Siamo tutti frastornati. Per alcuni di noi, sono stati mesi di forzata “vacanza Covid-19” e poi mesi di leggerezza estiva. Per molti altri, sono stati mesi di lavoro ininterrotto e massacrante e di paura del contagio. Per altri ancora, c’è stata la malattia oppure il crollo dei sogni imprenditoriali. Provenivamo da un lungo periodo di crisi e di perplessità in cui ci eravamo chiesti quanto le manovre dei singoli governi potessero incidere sull’economia globalizzata del terzo millennio. Dopo il Novecento, secolo di totalitarismi ma anche di rivoluzioni sociali all’insegna del sindacalismo e dei diritti dei lavoratori, il Duemila sembrava nato nel “di doman non v’è certezza”, proprio come nel canto carnascialesco di Lorenzo de’ Medici ma senza alcuna contingente sensazione di giovinezza gioiosa. Per sostenere lo stato sociale, i governi sono ricorsi a una tassazione massacrante.

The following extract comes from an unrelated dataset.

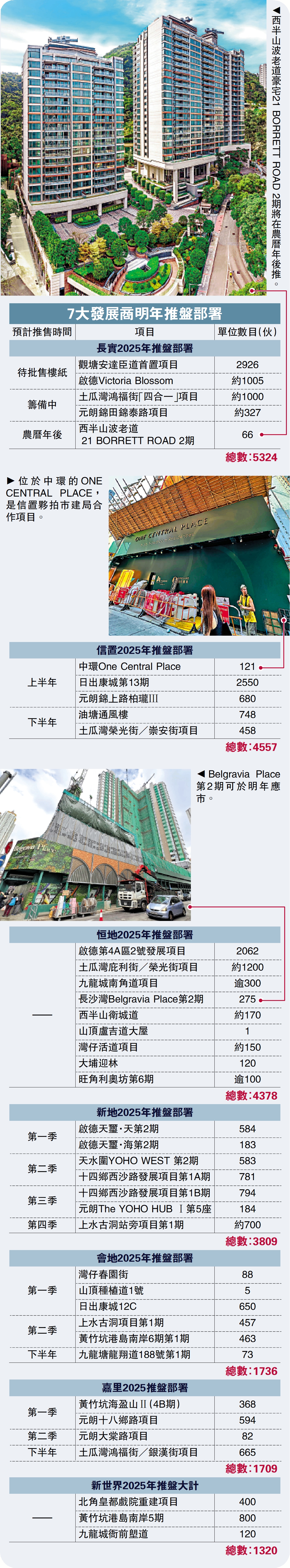 展望來年,一手供應再迎來高峰,綜合發展商消息,來年最少60個全新盤涉逾4萬伙整裝待發。總括7大發展商,來年共有39個新盤涉22833伙排隊亮相,供應佔來年逾半,競爭激烈。預計發展商續採薄利多銷策略,鬥平取勝,預料蝕讓賣樓及低價潮持續,二手繼續全無招架之力,一手市場繼續主宰大市。/大公報記者 梁穎賢

È diventato sempre più difficile accedere a un lavoro adeguato alle aspettative, e quando lo si trova è concettualmente precario perché ormai sappiamo che nuove anonime proprietà di vecchie aziende dislocano le produzioni, il lavoro viene esternalizzato a cottimisti malpagati e senza garanzie, e per giunta cambiano vertiginosamente mode e consumi facendo precipitare le imprese di chi, su quelle mode e su quei consumi, aveva investito creando posti di lavoro.
L’incertezza della pandemia si assomma all’incertezza della globalizzazione e sembra avvisarci che, come i generi sessuali e il concetto di bellezza sono diventati fluidi, così dobbiamo diventare fluidi anche nel lavoro, sempre pronti a trasformarci, perché laddove si chiude una porta potrebbe aprirsene un’altra.

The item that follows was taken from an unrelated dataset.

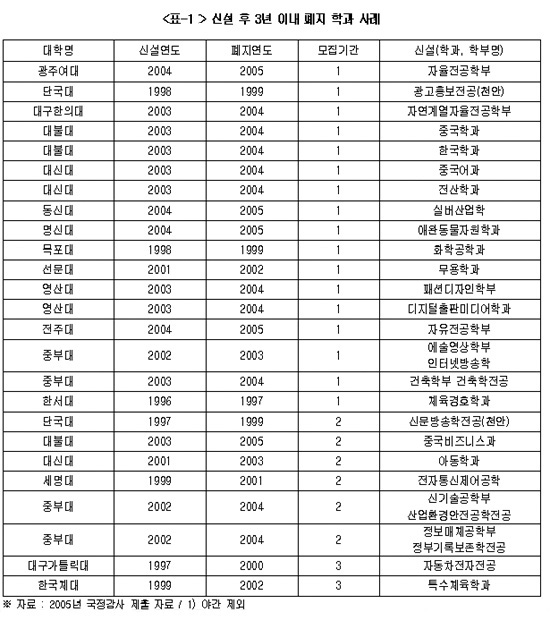 Àü±¹´ëÇг뵿Á¶ÇÕ(À§¿øÀå ±Ý±â¼Û¡¤ÀÌÇÏ ´ëÇгëÁ¶)ÀÌ ÃÖ±Ù 2005³â ±¹°¨ÀڷḦ ºÐ¼®ÇÑ °á°ú¿¡ µû¸£¸é ±¤ÁÖ¿©´ë µî ÀϺδëÇп¡¼ ÆíÁ¦°¡ ä ¿Ï¼ºµÇÁö ¾ÊÀº ½Å¼³ÇаúµéÀ» ÆóÁöÇÏ´Â µî ½ÃÇàÂø¿À¸¦ °Þ°í ÀÖ´Â °ÍÀ¸·Î ³ªÅ¸³µ´Ù.

È necessario diventare avventurosi esploratori non di foreste pluviali e di crepacci inesplorati bensì del mondo del lavoro. Oggi siamo giornalisti e domani coltivatori di mele trentine, oggi siamo dentisti e domani gestori di un negozio di sigarette elettroniche, oggi siamo cameriera in un bar e domani influencer di mixology. E la mutazione di pelle non sarà una sola, bensì un susseguirsi ininterrotto in cui dovremo abbandonare l’idea delle case di proprietà che ci vincolano ad abitare in un luogo definito. Perderemo quelle care vecchie abitudini molto italiane di radicamento, in favore di una concezione avventurosa del nostro domani, alla Jack London.

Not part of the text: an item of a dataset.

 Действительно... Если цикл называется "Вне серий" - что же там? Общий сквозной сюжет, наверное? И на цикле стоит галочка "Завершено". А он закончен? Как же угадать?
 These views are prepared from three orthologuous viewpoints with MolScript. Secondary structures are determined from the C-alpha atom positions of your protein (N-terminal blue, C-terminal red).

Affrontando il problema in modo concettuale si potrebbe dire che, giustamente, amiamo l’idea di realizzarci per accedere ai beni di consumo (Roberto Cavalli, in un’intervista del 2015: “Ai miei figli ho insegnato il trittico: lavorare, guadagnare e spendere”). Tuttavia, secondo la teoria mimetica del desiderio di René Girard, le nostre aspirazioni non hanno un tracciato binario (ossia da noi all’oggetto del desiderio) ma triangolare. Desideriamo qualcosa perché lo possiede o lo desidera qualcuno che vogliamo imitare, dato che in realtà siamo attratti dallo spettacolo del desiderio della persona che ammiriamo: “Ogni desiderio è desiderio d’essere”, è cioè un desiderio mimetico. Se dunque il nostro canone esistenziale è agganciato al modello di una vita statica e garantita, e quella vita ormai produce non benessere ma frustrazione, significa che dobbiamo cambiare modello mimetico: non è l’esistenza dei nostri genitori e nonni che dobbiamo imitare per accedere a quello che hanno potuto guadagnare e spendere. I genitori e la scuola devono raccontare (e magari impersonare) la fluidità esistenziale invece di rimpiangere sicurezze ormai insostenibili. Per scendere a livelli più concreti, la fragilità della nostra condizione va accolta, data per scontata e interpretata in modo vincente, come capacità di reinventarsi nel lavoro. Nel secolo dell’incertezza, il desiderio mimetico del canone italiano deve per forza essere innovato. L’Altro, colui che prendiamo come modello e che imprime valore alle cose che desideriamo, deve essere incarnato da figure meno familiari, più fluide, inventive, plasmabili.